Dark, powerful, uncompromising, Portishead continues to blow audiences and eardrums away. Any chance to see the Bristol band shouldn't be missed.

Public Enemy
With Flavor Flav's reality TV presence, it's easy to forget the impact that It Takes a Nation of Millions to Hold Us Back had when it came out in 1988. Filled with uncompromisingly hard production from Rick Rubin and Chuck D, seeing Public Enemy's slice of hip-hop history couldn't have us more excited.

Fuck Buttons
After conquering the Olympics, Fuck Buttons is back with a beat-driven new album, Slow Focus, that's equal parts harsh noise and hypnotically danceable. For an electronic band with an expletive in its name, it's fascinating and heartening to see just how far this duo has gone.

King Krule
Archie Marshall's voice is something to behold: Deeper, darker, and wiser than his years, he captures a netherworld somewhere between Tom Waits and James Blake.

Arctic Monkeys

If you have to come up with an English band that's had more page time in the NME during the new millenium, we don't think you could manage it. Even so, years after the hype has died down, Arctic Monkeys remains one of the best big venue bands in the business.
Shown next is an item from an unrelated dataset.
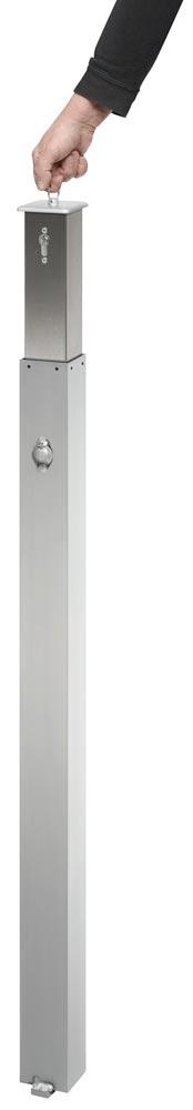 Edelstahlpfosten, mit Bodenhülse zum Einbetonieren, manuell versenkbar, flache Abdeckung, mit PZ-Schloss, 70x70mm, Höhe ü. Flur 900 mm

Brothers Guy and Howard Lawrence (a.k.a. Disclosure) have had one of the biggest critical smashes of the year with their debut record Settle. As good as the LP is, though, it's even better to hear the band live so you can actually, you know, dance.

Primal Scream

Scottish rockers Primal Scream have been going strong since the early '80s, incorporating psychedelia, dance, and brit-pop into its sound. With a new album and 30 years of back catalog, a festival slot is far too short for what Primal Scream have to offer.

London duo AlunaGeorge (a.k.a. vocalist Aluna Francis and producer George Reid) have been on a roll lately, releasing single after single of bass music-inspired R&B. One of our favorite new acts.